William Penn, though freed, has demonstrated no…
September 1670 CE
William Penn, though freed, has demonstrated no remorse for his aggressive stance and vowed to keep fighting against the wrongs of the Church and the King.
The Crown for its part continued to confiscate Quaker property and put thousands of Quakers in jail.
Penn's religious views from this point on effectively exile him from English society; he is sent down (expelled) from Christ Church, Oxford for being a Quaker, and arrested several times.
Among the most famous of these is the trial following his 1670 arrest with William Meade.
Penn is accused of preaching before a gathering in the street, which Penn had deliberately provoked in order to test the validity of the new law against assembly.
Penn pleads for his right to see a copy of the charges laid against him and the laws he has supposedly broken, but the judge (the Lord Mayor of London) refuses—even though this right is guaranteed by the law.
Furthermore, the judge directs the jury to come to a verdict without hearing the defense.
Despite heavy pressure from the Lord Mayor to convict Penn, the jury returns a verdict of "not guilty".

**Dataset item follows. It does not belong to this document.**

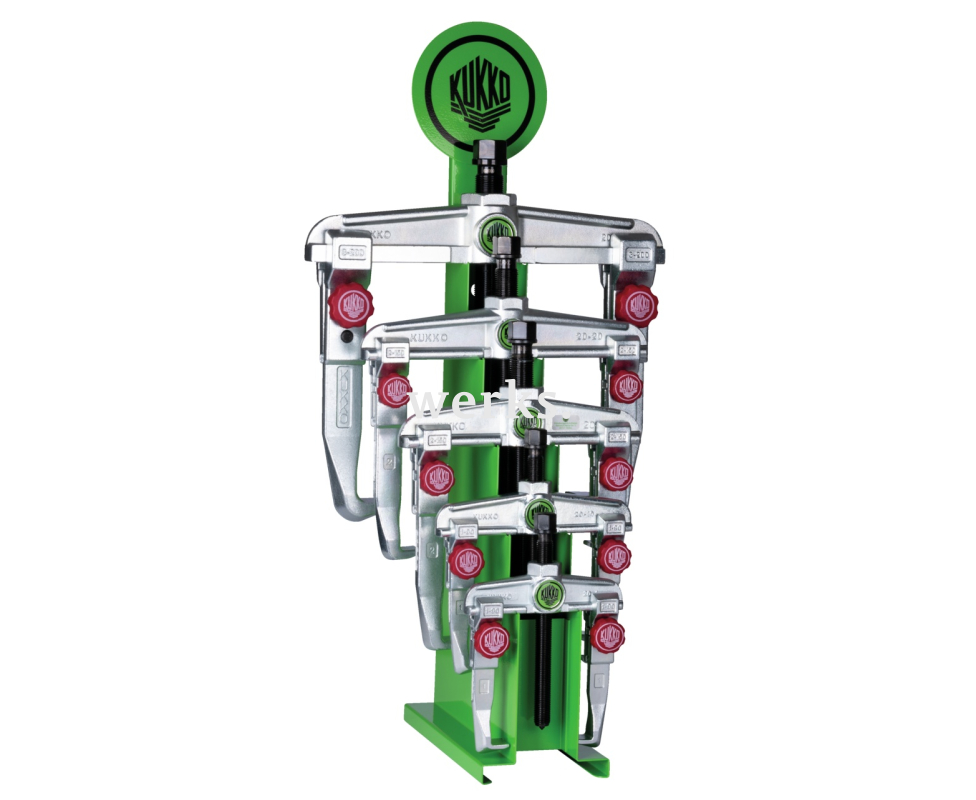 Демонстрационный стенд для универсальных двухлапковых съёмников – идеальное решение для презентации и хранения двухлапковых съёмников различных размеров. Двухлапковые универсальные съёмники используются для демонтажа подшипников, шестерён и дисков всех распространённых размеров в ремесленных, мастерских и промышленных условиях. Они подходят для демонтажа любых деталей, установленных на валу и доступных снаружи. Оснащённый прочными и регулируемыми стандартными захватами, этот универсальный съёмник обеспечивает особо безопасную и неразрушающую разборку как для наружного, так и для внутреннего демонтажа. Торговый стенд и стенд для мастерской обеспечивают упорядоченное хранение и демонстрацию двухлапковых съёмников. Винтовое соединение позволяет легко ослаблять и особенно надёжно закреплять захваты съёмника шестигранным ключом.

When invited by the judge to reconsider their verdict and to select a new foreman, they refuse and are sent to a cell over several nights to mull over their decision.
The Lord Mayor then tells the jury, "You shall go together and bring in another verdict, or you shall starve", and not only had Penn sent to jail in loathsome Newgate Prison (on a charge of contempt of court), but the full jury follows him, and they are additionally fined the equivalent of a year’s wages each.
The members of the jury, fighting their case from prison in what becomes known as Bushel's Case, manage to win the right for all English juries to be free from the control of judges.
This case is one of the more important trials that are to shape the future concept of American freedom and is a victory for the use of the writ of habeas corpus as a means of freeing those unlawfully detained.